Before or after the gym (it depends on) is the dinner that follows the lunch, but without the soup. Once home, normally "loaded" test results, I do "two things" to the pc (I know, the blog?), Two wash clothes by hand and maybe slowly I'm preparing to go to sleep.

basically three times months reloading the card with ten breakfasts, ten lunches and ten dinners (cost me 1090 dinars, or about 11 Euro), to recharge the card you go to the "cow" above. The quality of food, although different by day and restaurant, is certainly not excellent, but on average is reasonable, usually I always eat everything, I realize - sometimes - to eat the food that the Serbs leave squeamish in the pot (" the war is over "... I think tragicomically).

have a big honor students Serbs: they eat quickly. So even when the files are easily mileage is always a seat, even in small and crowded tables. However, they have a flaw: when the lines are long, the student "smart" takes off his coat "occupying" a place. So when you finally have the last full tray - maybe half an hour after the tail - in your hands, you're there that turns the table like an idiot, including chairs occupied by the coats of those who have just arrived in the dining room and eat in half an hour, if all goes well, because the row in the meantime has lengthened dramatically. Normally, a good Italian, "I slam" and I sit, ready to smile, in the case, apologizing playing the card of "foreigner."

The alternatives to the procedure we I am, and range from lessons (once a week in the faculty of political science: I follow a course in public administration and policy, held by an American professor) to the incursions of Frederick, my Italian friend with whom I often grant of breaks with coffee and conversation at its purest: whatever people may say, the Italians need other Italians, at times, to speak "in Italian" and "Italian". Fred is usually my partner of battles during the weekend when, with mixed success, we look for entertainment in the Belgrade nightlife. Last weekend I also tried to put back in my routine workouts: I went to run for two days in a row at a track in front of the student residence where I live. Two one-hour sessions each, which made me walk "like an Egyptian" until Wednesday.
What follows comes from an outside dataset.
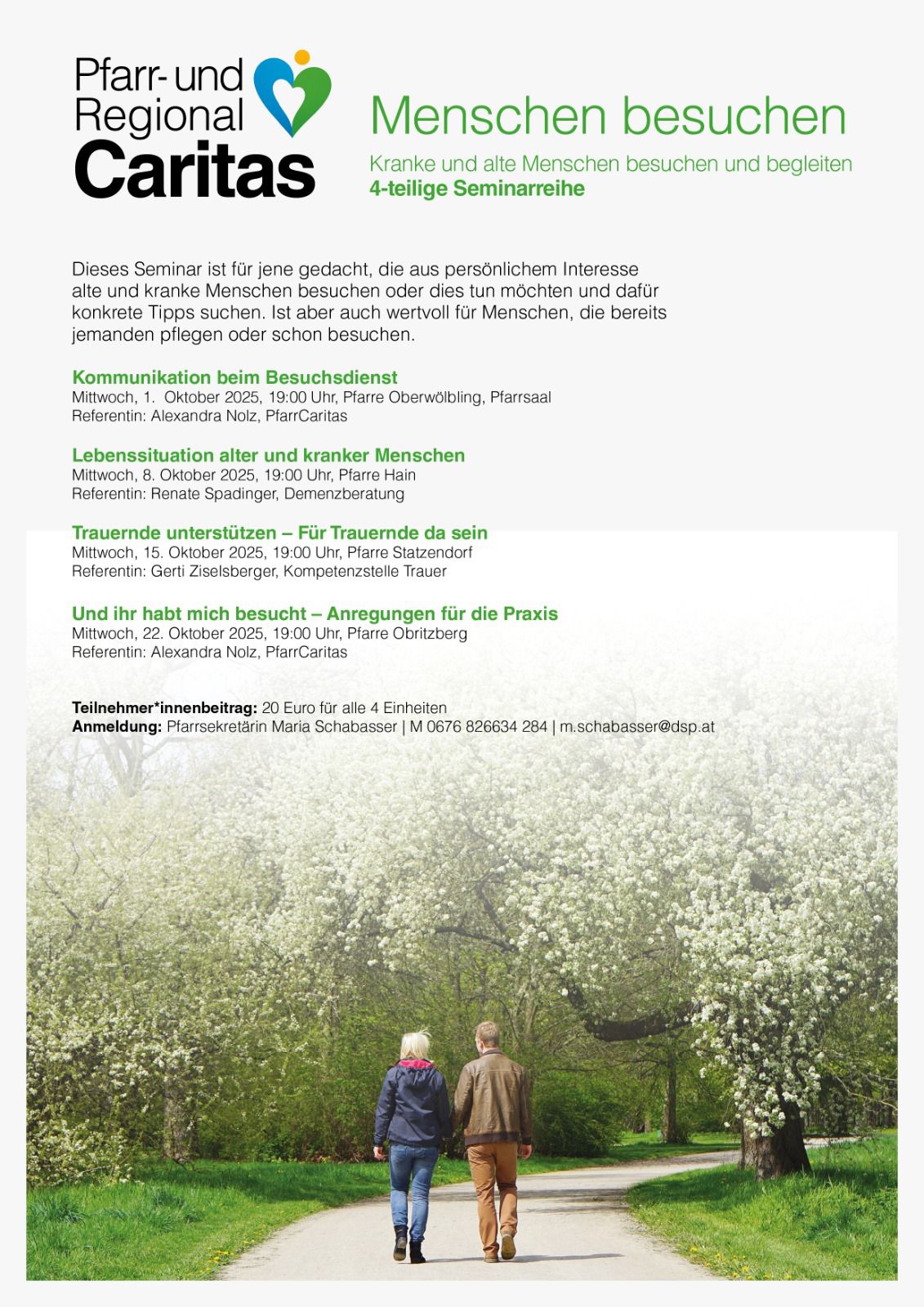 Dieses 4-teilige Seminar der Pfarr- und Regional-Caritas ist für all jene gedacht, die aus persönlichem Interesse alte und / oder kranke Menschen besuchen oder dies tun wollen, und dafür konkrete Tipps suchen. Es ist aber auch wertvoll für jene, die bereits jemanden pflegen oder besuchen.

Today is Friday, Fred is still in Italy so the outlook for the weekend certainly did not seem exciting, despite the derby on Sunday: the three days off will be even as the national holiday is somehow moved to Monday because of falling Sunday. Moreover it snows, so no training. And the Italian Cultural Institute is closed, so no internet. At home I have not even television. I feel half way between the senior and the Scandinavian something tells me that tomorrow will miss the tru tru tru ...

Monday, February 9, 2009

Seagrams Pipers 100 Scotch



FRIDAY 'Tosca: AMSTERDAM, Dostoyevsky and the vibrator

Gabriel and' a nice-looking and good-natured Leghorn dall'approccio cosmopolitan: it is the president of Italy, an Italian language school for foreigners with thirty locations in Italy and abroad. It is located en route to Belgrade, to Ukraine and Romania: its aim is to enable students to Belgrade to study in its schools by offering affordable rates and some scholarships. E 'Belgrade on Friday afternoon and the sun shines: the Institute is not much to do, so we meet for a coffee waiting for the reader, with which and he 'failed to remedy an appointment to present its activities'. A nice long chat ended with the exchange of numbers: "Call me tonight that maybe you go out." Finally she left, the famous destination SPLAV Amsterdam.
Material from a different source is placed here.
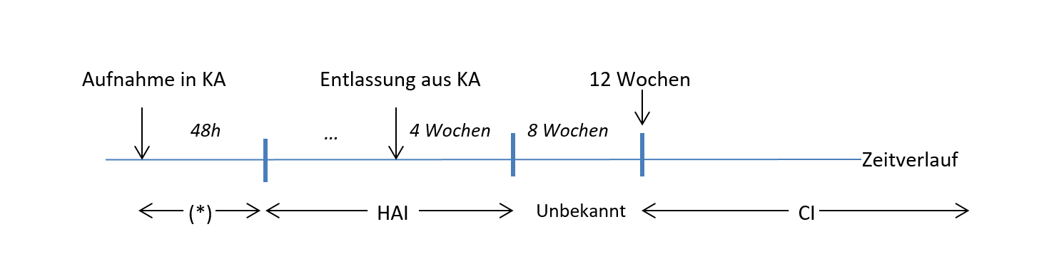 Bitte beachten: Wenn eine andere, als die aktuelle, Krankenanstalt, die Infektionsquelle darstellt, werden Coronavirus-Krankheiten-2019 erst ab Tag 8

SPLAV. For this word does not suggest anything more, and most obviously they are right, but this is a word that can put the chills. SPLAV especially to those who have tried them. Why? What the fuck are SPLAV? Apart from that we could also express a bit 'of grace, however, are the SPLAV of barges on the Danube that serve as bars and restaurants during the day to become dance halls during the night. Out the window you see the city reflected on the river, but inside there is live music and even the setting seems fairly treated. Drinking, dancing, singing, laughing and joking, all at reasonable prices. Everywhere there are mind-boggling necklines and huge tits: true or false? But who cares!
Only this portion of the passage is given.